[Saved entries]
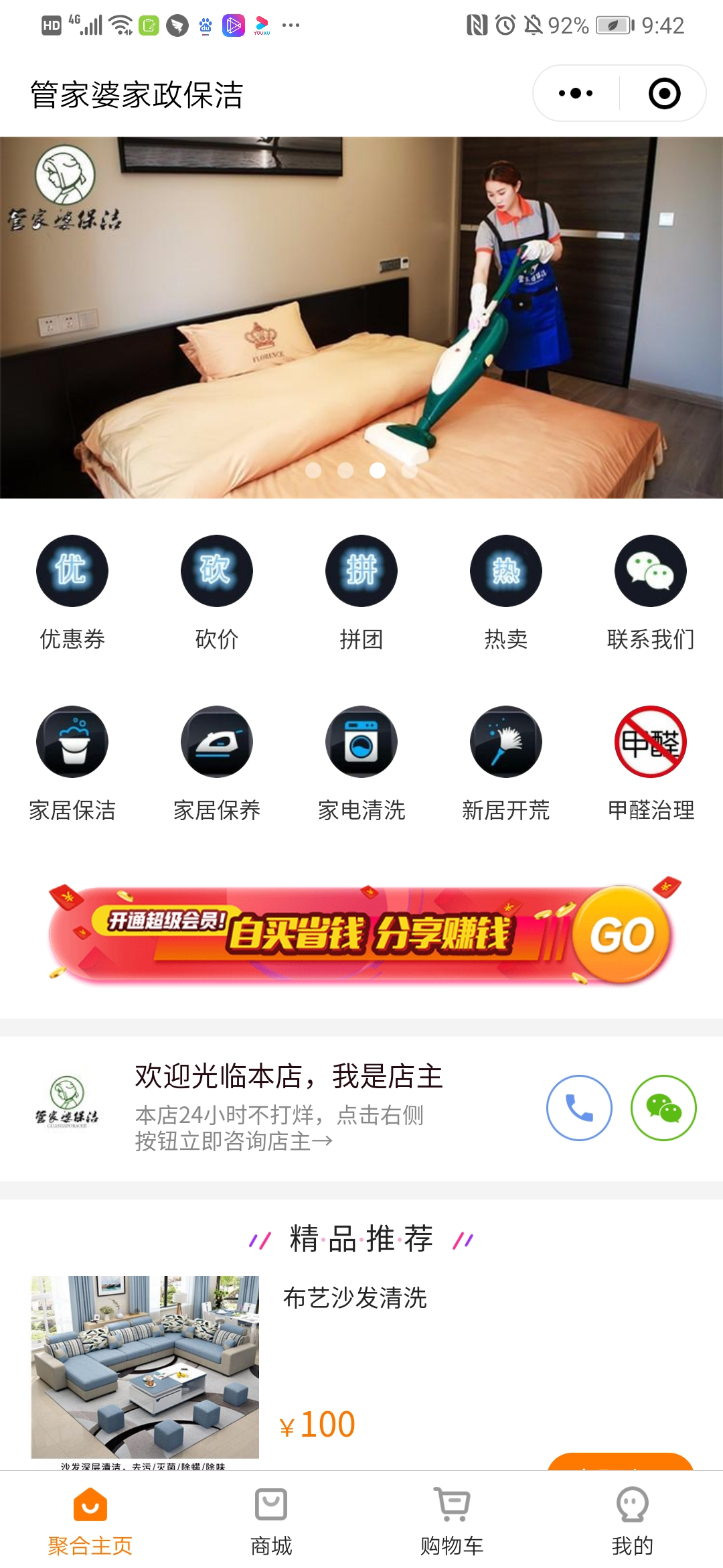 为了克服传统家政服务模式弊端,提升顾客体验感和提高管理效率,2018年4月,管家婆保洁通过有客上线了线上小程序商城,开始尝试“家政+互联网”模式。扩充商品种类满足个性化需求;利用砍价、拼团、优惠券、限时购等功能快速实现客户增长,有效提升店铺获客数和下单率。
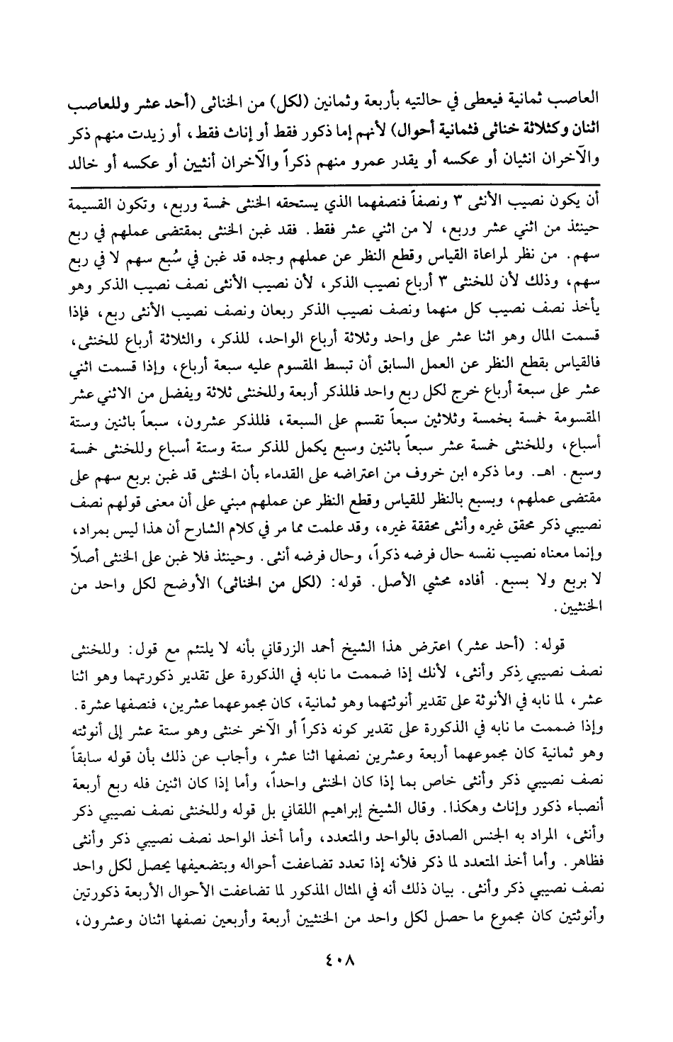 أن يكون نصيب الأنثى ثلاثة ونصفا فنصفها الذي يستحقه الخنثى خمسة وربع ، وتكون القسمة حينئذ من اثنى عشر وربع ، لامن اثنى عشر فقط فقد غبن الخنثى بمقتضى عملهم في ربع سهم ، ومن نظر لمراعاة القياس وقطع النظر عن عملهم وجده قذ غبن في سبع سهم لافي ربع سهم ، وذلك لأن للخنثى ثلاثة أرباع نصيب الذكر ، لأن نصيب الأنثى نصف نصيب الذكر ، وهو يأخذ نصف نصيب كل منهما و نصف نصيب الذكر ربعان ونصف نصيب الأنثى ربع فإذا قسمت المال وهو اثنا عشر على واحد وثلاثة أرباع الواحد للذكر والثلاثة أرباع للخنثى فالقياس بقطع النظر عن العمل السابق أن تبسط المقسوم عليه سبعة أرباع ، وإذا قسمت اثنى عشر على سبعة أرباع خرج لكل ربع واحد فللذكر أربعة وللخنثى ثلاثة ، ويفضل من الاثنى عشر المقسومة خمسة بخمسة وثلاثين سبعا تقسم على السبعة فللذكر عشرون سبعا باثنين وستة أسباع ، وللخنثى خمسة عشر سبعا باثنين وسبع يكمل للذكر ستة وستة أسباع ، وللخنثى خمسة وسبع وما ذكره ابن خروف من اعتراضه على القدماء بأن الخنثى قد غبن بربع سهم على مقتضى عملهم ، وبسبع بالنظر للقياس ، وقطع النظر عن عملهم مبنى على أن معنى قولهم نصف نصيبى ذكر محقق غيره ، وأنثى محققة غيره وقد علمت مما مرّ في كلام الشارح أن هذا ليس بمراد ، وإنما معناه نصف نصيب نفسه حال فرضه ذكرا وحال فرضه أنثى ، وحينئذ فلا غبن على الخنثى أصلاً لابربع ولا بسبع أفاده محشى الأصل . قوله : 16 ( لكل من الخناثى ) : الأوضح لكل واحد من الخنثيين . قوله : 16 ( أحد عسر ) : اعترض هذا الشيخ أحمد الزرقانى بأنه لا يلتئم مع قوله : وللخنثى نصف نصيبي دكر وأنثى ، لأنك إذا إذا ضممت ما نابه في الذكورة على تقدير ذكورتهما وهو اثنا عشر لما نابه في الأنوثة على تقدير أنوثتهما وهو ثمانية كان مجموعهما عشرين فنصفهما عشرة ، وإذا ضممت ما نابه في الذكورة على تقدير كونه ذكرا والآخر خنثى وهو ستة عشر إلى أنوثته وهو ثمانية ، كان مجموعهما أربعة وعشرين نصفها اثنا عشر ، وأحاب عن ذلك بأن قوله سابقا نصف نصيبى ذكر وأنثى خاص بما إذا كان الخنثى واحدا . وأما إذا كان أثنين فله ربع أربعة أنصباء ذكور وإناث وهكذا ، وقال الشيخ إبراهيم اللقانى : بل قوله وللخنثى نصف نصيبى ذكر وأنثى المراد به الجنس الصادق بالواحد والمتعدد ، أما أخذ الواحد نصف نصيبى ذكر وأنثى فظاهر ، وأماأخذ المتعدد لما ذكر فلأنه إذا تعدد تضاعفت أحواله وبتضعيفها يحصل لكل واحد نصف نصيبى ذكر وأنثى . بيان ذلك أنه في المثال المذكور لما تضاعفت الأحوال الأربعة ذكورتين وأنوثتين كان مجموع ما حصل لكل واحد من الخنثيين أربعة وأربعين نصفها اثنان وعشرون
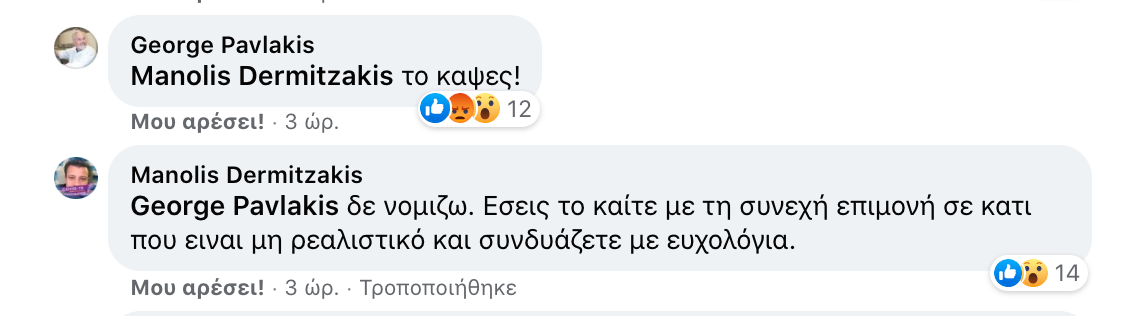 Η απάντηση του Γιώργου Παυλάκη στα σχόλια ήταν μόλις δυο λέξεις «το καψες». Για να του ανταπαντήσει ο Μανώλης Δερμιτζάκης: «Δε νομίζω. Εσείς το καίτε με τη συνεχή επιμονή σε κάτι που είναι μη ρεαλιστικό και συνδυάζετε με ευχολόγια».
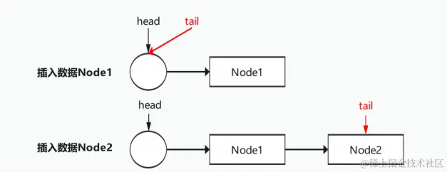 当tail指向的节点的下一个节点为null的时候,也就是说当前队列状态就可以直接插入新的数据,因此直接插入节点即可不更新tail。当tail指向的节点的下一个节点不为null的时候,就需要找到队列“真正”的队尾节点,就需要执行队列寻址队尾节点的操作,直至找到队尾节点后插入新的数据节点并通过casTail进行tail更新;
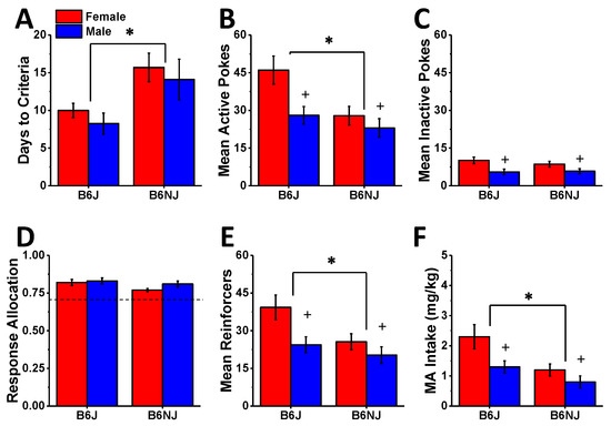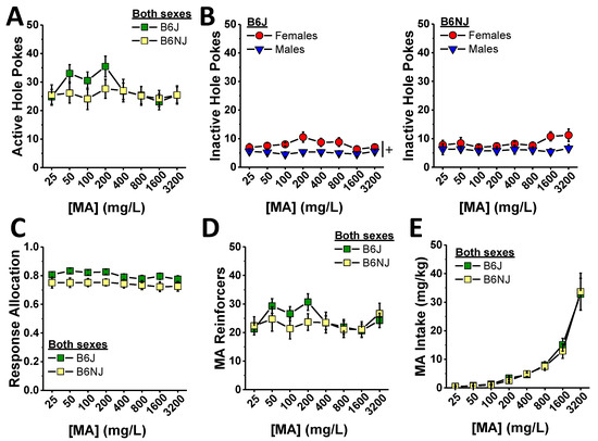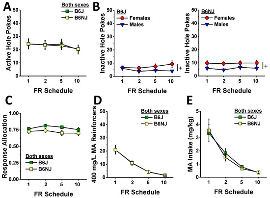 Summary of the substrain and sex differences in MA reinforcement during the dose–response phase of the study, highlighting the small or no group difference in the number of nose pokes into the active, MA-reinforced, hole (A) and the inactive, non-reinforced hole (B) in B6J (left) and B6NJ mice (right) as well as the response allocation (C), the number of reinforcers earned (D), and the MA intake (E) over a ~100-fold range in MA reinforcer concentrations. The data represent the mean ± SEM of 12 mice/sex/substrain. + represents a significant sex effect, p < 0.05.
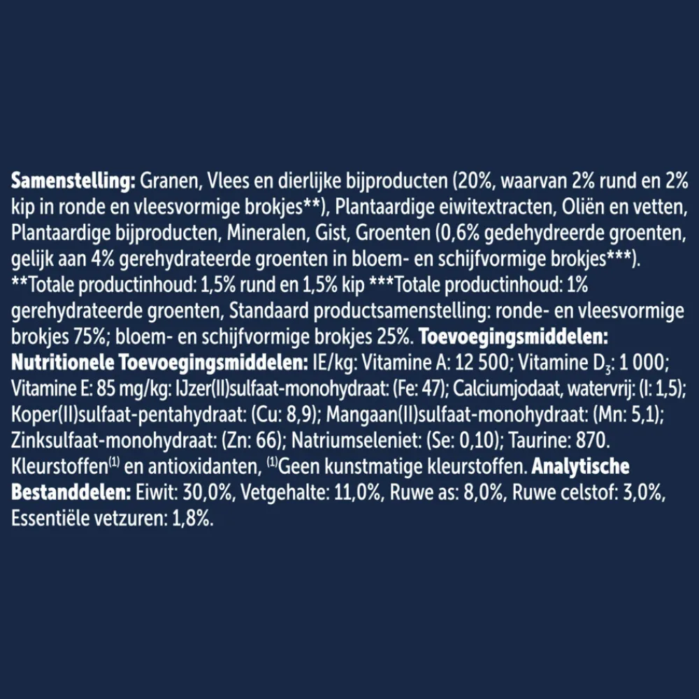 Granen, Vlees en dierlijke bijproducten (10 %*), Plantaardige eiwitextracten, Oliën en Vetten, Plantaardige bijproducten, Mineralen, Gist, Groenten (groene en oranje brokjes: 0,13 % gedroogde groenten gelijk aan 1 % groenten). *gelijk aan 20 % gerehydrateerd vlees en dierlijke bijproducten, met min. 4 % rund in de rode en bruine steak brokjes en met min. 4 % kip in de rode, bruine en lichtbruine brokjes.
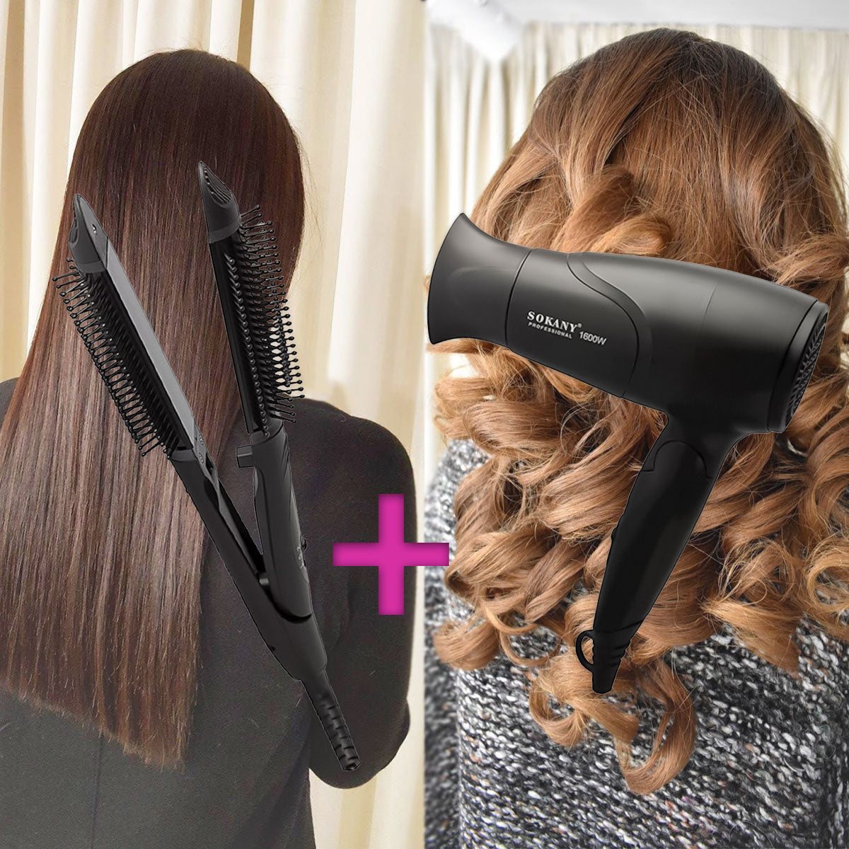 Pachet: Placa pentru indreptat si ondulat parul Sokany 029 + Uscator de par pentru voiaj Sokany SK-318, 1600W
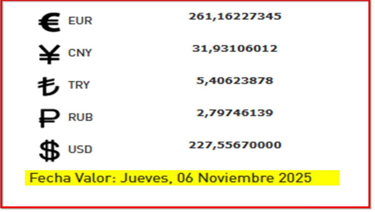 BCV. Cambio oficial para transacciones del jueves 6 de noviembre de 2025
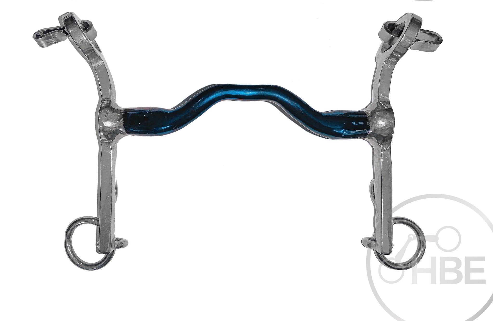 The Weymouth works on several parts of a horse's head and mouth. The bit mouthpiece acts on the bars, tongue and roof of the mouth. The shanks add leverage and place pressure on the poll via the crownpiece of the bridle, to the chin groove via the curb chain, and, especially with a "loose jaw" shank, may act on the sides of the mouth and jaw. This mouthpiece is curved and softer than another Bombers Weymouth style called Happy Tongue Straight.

### What the exercise asks
For each entry, copy the text exactly and leave out any image it carries.

### The answer
 为了克服传统家政服务模式弊端,提升顾客体验感和提高管理效率,2018年4月,管家婆保洁通过有客上线了线上小程序商城,开始尝试“家政+互联网”模式。扩充商品种类满足个性化需求;利用砍价、拼团、优惠券、限时购等功能快速实现客户增长,有效提升店铺获客数和下单率。
 أن يكون نصيب الأنثى ثلاثة ونصفا فنصفها الذي يستحقه الخنثى خمسة وربع ، وتكون القسمة حينئذ من اثنى عشر وربع ، لامن اثنى عشر فقط فقد غبن الخنثى بمقتضى عملهم في ربع سهم ، ومن نظر لمراعاة القياس وقطع النظر عن عملهم وجده قذ غبن في سبع سهم لافي ربع سهم ، وذلك لأن للخنثى ثلاثة أرباع نصيب الذكر ، لأن نصيب الأنثى نصف نصيب الذكر ، وهو يأخذ نصف نصيب كل منهما و نصف نصيب الذكر ربعان ونصف نصيب الأنثى ربع فإذا قسمت المال وهو اثنا عشر على واحد وثلاثة أرباع الواحد للذكر والثلاثة أرباع للخنثى فالقياس بقطع النظر عن العمل السابق أن تبسط المقسوم عليه سبعة أرباع ، وإذا قسمت اثنى عشر على سبعة أرباع خرج لكل ربع واحد فللذكر أربعة وللخنثى ثلاثة ، ويفضل من الاثنى عشر المقسومة خمسة بخمسة وثلاثين سبعا تقسم على السبعة فللذكر عشرون سبعا باثنين وستة أسباع ، وللخنثى خمسة عشر سبعا باثنين وسبع يكمل للذكر ستة وستة أسباع ، وللخنثى خمسة وسبع وما ذكره ابن خروف من اعتراضه على القدماء بأن الخنثى قد غبن بربع سهم على مقتضى عملهم ، وبسبع بالنظر للقياس ، وقطع النظر عن عملهم مبنى على أن معنى قولهم نصف نصيبى ذكر محقق غيره ، وأنثى محققة غيره وقد علمت مما مرّ في كلام الشارح أن هذا ليس بمراد ، وإنما معناه نصف نصيب نفسه حال فرضه ذكرا وحال فرضه أنثى ، وحينئذ فلا غبن على الخنثى أصلاً لابربع ولا بسبع أفاده محشى الأصل . قوله : 16 ( لكل من الخناثى ) : الأوضح لكل واحد من الخنثيين . قوله : 16 ( أحد عسر ) : اعترض هذا الشيخ أحمد الزرقانى بأنه لا يلتئم مع قوله : وللخنثى نصف نصيبي دكر وأنثى ، لأنك إذا إذا ضممت ما نابه في الذكورة على تقدير ذكورتهما وهو اثنا عشر لما نابه في الأنوثة على تقدير أنوثتهما وهو ثمانية كان مجموعهما عشرين فنصفهما عشرة ، وإذا ضممت ما نابه في الذكورة على تقدير كونه ذكرا والآخر خنثى وهو ستة عشر إلى أنوثته وهو ثمانية ، كان مجموعهما أربعة وعشرين نصفها اثنا عشر ، وأحاب عن ذلك بأن قوله سابقا نصف نصيبى ذكر وأنثى خاص بما إذا كان الخنثى واحدا . وأما إذا كان أثنين فله ربع أربعة أنصباء ذكور وإناث وهكذا ، وقال الشيخ إبراهيم اللقانى : بل قوله وللخنثى نصف نصيبى ذكر وأنثى المراد به الجنس الصادق بالواحد والمتعدد ، أما أخذ الواحد نصف نصيبى ذكر وأنثى فظاهر ، وأماأخذ المتعدد لما ذكر فلأنه إذا تعدد تضاعفت أحواله وبتضعيفها يحصل لكل واحد نصف نصيبى ذكر وأنثى . بيان ذلك أنه في المثال المذكور لما تضاعفت الأحوال الأربعة ذكورتين وأنوثتين كان مجموع ما حصل لكل واحد من الخنثيين أربعة وأربعين نصفها اثنان وعشرون
 Η απάντηση του Γιώργου Παυλάκη στα σχόλια ήταν μόλις δυο λέξεις «το καψες». Για να του ανταπαντήσει ο Μανώλης Δερμιτζάκης: «Δε νομίζω. Εσείς το καίτε με τη συνεχή επιμονή σε κάτι που είναι μη ρεαλιστικό και συνδυάζετε με ευχολόγια».
 当tail指向的节点的下一个节点为null的时候,也就是说当前队列状态就可以直接插入新的数据,因此直接插入节点即可不更新tail。当tail指向的节点的下一个节点不为null的时候,就需要找到队列“真正”的队尾节点,就需要执行队列寻址队尾节点的操作,直至找到队尾节点后插入新的数据节点并通过casTail进行tail更新;
 Summary of the substrain and sex differences in MA reinforcement during the dose–response phase of the study, highlighting the small or no group difference in the number of nose pokes into the active, MA-reinforced, hole (A) and the inactive, non-reinforced hole (B) in B6J (left) and B6NJ mice (right) as well as the response allocation (C), the number of reinforcers earned (D), and the MA intake (E) over a ~100-fold range in MA reinforcer concentrations. The data represent the mean ± SEM of 12 mice/sex/substrain. + represents a significant sex effect, p < 0.05.
 Granen, Vlees en dierlijke bijproducten (10 %*), Plantaardige eiwitextracten, Oliën en Vetten, Plantaardige bijproducten, Mineralen, Gist, Groenten (groene en oranje brokjes: 0,13 % gedroogde groenten gelijk aan 1 % groenten). *gelijk aan 20 % gerehydrateerd vlees en dierlijke bijproducten, met min. 4 % rund in de rode en bruine steak brokjes en met min. 4 % kip in de rode, bruine en lichtbruine brokjes.
 Pachet: Placa pentru indreptat si ondulat parul Sokany 029 + Uscator de par pentru voiaj Sokany SK-318, 1600W
 BCV. Cambio oficial para transacciones del jueves 6 de noviembre de 2025
 The Weymouth works on several parts of a horse's head and mouth. The bit mouthpiece acts on the bars, tongue and roof of the mouth. The shanks add leverage and place pressure on the poll via the crownpiece of the bridle, to the chin groove via the curb chain, and, especially with a "loose jaw" shank, may act on the sides of the mouth and jaw. This mouthpiece is curved and softer than another Bombers Weymouth style called Happy Tongue Straight.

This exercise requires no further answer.